## TRY IT
Only the lines below from the one containing "キャンディーポーチは布の四隅" through the one containing "1. 香港電影《寒山怒吼太陽愁》於臺灣的戲院上映時的電影本事單張。單色雙面印刷。封面印有戲院名「國聲 ROYAL" belong in the answer, set down exactly, with the pictures left out.

## SUPPLIED MATERIAL
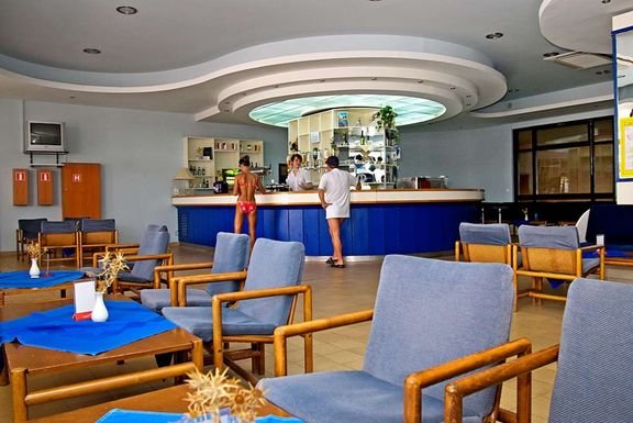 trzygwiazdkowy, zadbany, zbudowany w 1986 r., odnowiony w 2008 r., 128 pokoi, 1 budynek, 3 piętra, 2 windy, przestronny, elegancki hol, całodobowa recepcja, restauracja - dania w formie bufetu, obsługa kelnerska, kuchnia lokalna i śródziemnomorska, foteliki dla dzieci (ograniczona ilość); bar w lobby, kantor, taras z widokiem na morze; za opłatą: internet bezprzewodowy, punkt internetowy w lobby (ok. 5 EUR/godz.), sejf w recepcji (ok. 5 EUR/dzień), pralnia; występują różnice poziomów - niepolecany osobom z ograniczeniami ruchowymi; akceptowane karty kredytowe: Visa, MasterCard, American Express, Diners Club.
==
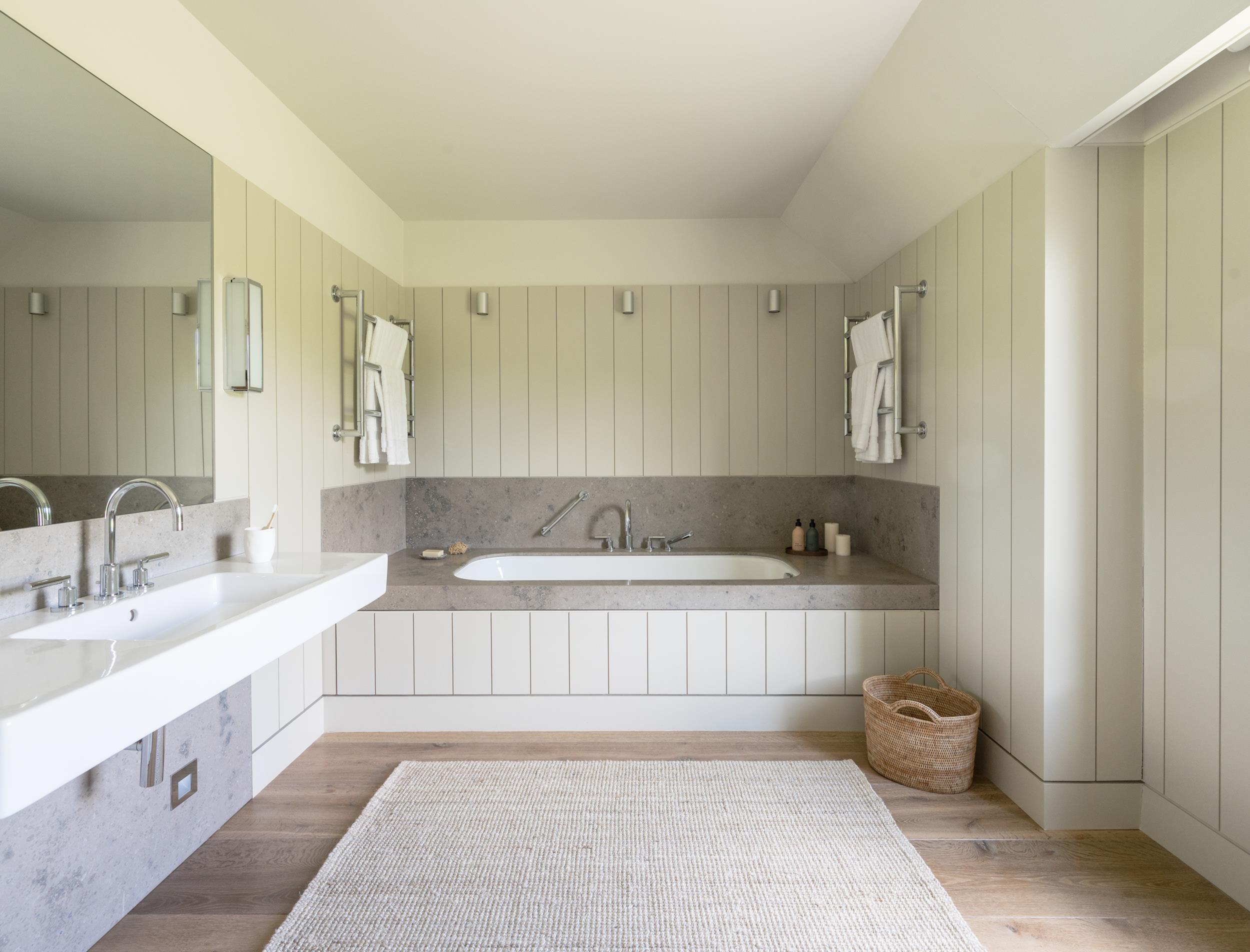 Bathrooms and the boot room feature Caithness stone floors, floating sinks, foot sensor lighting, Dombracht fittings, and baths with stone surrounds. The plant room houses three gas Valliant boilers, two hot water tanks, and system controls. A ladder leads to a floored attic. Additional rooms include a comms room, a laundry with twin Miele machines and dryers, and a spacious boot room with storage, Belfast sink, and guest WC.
---
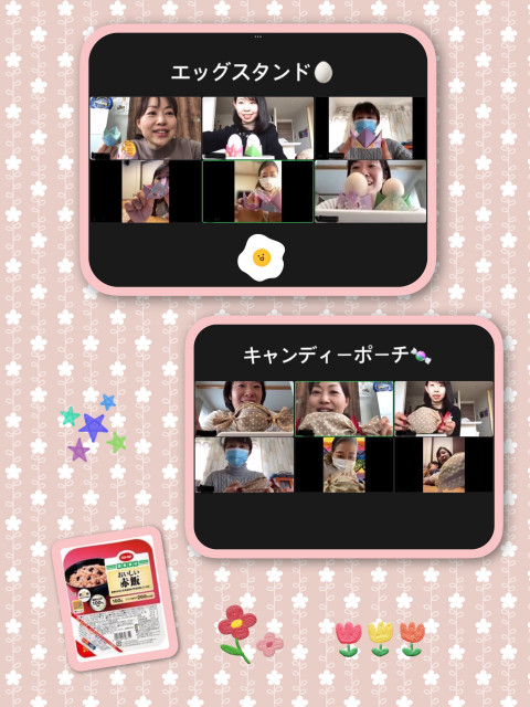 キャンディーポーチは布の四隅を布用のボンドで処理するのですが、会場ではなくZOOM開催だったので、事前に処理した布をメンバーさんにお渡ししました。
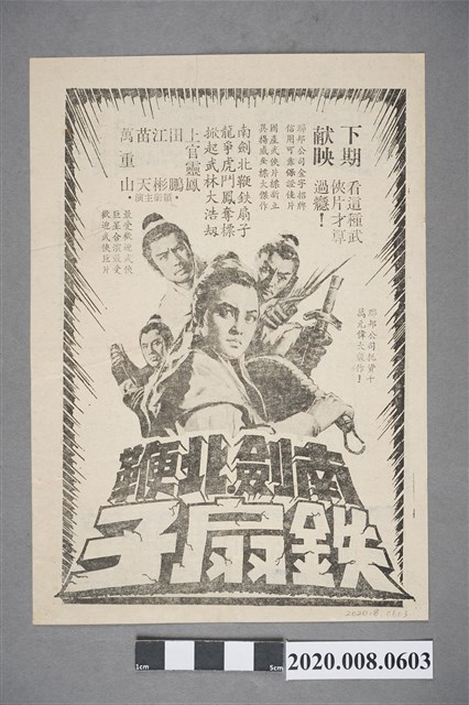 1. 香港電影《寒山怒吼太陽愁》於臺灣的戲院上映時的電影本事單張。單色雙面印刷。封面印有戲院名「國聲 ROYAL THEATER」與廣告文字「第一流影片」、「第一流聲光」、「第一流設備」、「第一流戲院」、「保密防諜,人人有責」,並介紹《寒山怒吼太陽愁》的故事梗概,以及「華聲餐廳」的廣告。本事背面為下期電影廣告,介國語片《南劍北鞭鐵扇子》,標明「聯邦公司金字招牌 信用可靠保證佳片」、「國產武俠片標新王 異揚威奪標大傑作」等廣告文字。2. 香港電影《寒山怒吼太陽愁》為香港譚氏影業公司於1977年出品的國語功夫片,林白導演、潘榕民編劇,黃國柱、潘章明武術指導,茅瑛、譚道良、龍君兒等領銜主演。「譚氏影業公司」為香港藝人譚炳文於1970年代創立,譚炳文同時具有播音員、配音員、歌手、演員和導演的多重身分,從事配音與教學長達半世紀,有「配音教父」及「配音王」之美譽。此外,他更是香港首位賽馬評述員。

## SOLUTION TO THE PROBLEM
 キャンディーポーチは布の四隅を布用のボンドで処理するのですが、会場ではなくZOOM開催だったので、事前に処理した布をメンバーさんにお渡ししました。
 1. 香港電影《寒山怒吼太陽愁》於臺灣的戲院上映時的電影本事單張。單色雙面印刷。封面印有戲院名「國聲 ROYAL THEATER」與廣告文字「第一流影片」、「第一流聲光」、「第一流設備」、「第一流戲院」、「保密防諜,人人有責」,並介紹《寒山怒吼太陽愁》的故事梗概,以及「華聲餐廳」的廣告。本事背面為下期電影廣告,介國語片《南劍北鞭鐵扇子》,標明「聯邦公司金字招牌 信用可靠保證佳片」、「國產武俠片標新王 異揚威奪標大傑作」等廣告文字。2. 香港電影《寒山怒吼太陽愁》為香港譚氏影業公司於1977年出品的國語功夫片,林白導演、潘榕民編劇,黃國柱、潘章明武術指導,茅瑛、譚道良、龍君兒等領銜主演。「譚氏影業公司」為香港藝人譚炳文於1970年代創立,譚炳文同時具有播音員、配音員、歌手、演員和導演的多重身分,從事配音與教學長達半世紀,有「配音教父」及「配音王」之美譽。此外,他更是香港首位賽馬評述員。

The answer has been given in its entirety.